With the pictures left out, restate exactly the part below that opens with the line containing "The museum itself" and closes with the line containing "This business open".
(DATA RECORDS)
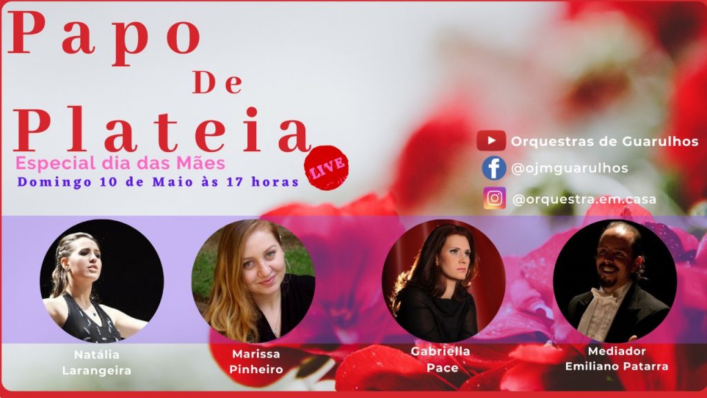 No próximo domingo (10), às 17h, o Papo de Plateia Live apresenta o especial do Dia das Mães em um bate-papo com musicistas que também são mães. Iniciativa da Prefeitura de Guarulhos por meio da Secretaria de Cultura, o Papo de Plateia Live é transmitido pelas redes sociais das orquestras de Guarulhos no YouTube, no endereço https://www.youtube.com/channel/UCS9r_T3pJEr2wnZreRGSo1g, no Facebook https://www.facebook.com/ojmguarulhos/ e no Instagram https://www.instagram.com/orquestra.em.casa/.
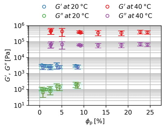 Storage and loss modulus over volume fraction of particles for the first and second batches. Averaged values for three samples per with two standard deviations as statistical error are shown.
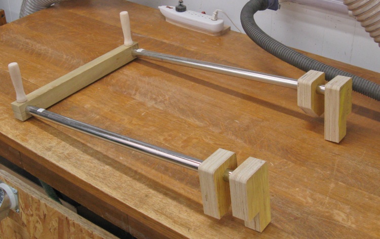The back side of the crossbar was equipped with hammer-in threaded inserts for the 1/4-20 rods. The handle threads were inserted through holes in the crosspiece and rods and into those inserts. Tightening up the handles squeezed everything together at the top.
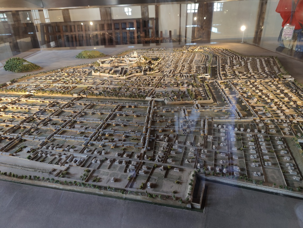 The museum itself was amazing! I love local museums and this one was exemplary. The museum exhibits also matched a common pattern we saw in descriptions of Japanese history. The historic record starts in the 600s with the arrival of Buddhism and the foundation of many monastaries. In this museum, it started with information about the Naniwa palace from the 600s - the archeological site was visible from the museum! - and a diorama of what it might have looked like.
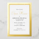 This business open house invitation features a traditional professional design accented with a thick real gold foil border on a white background.
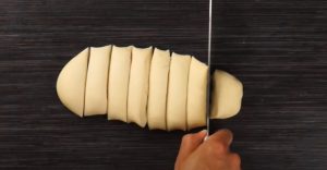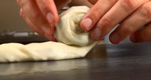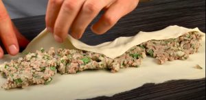 - Խմորը ուղանկյունաձև գրդնակել, վրան լցնել միջուկը (ծայրերը բաց թողնել), լայն ծայրերը ծալել:
(End DATA RECORDS)
> RESULT:
 The museum itself was amazing! I love local museums and this one was exemplary. The museum exhibits also matched a common pattern we saw in descriptions of Japanese history. The historic record starts in the 600s with the arrival of Buddhism and the foundation of many monastaries. In this museum, it started with information about the Naniwa palace from the 600s - the archeological site was visible from the museum! - and a diorama of what it might have looked like.
 This business open house invitation features a traditional professional design accented with a thick real gold foil border on a white background.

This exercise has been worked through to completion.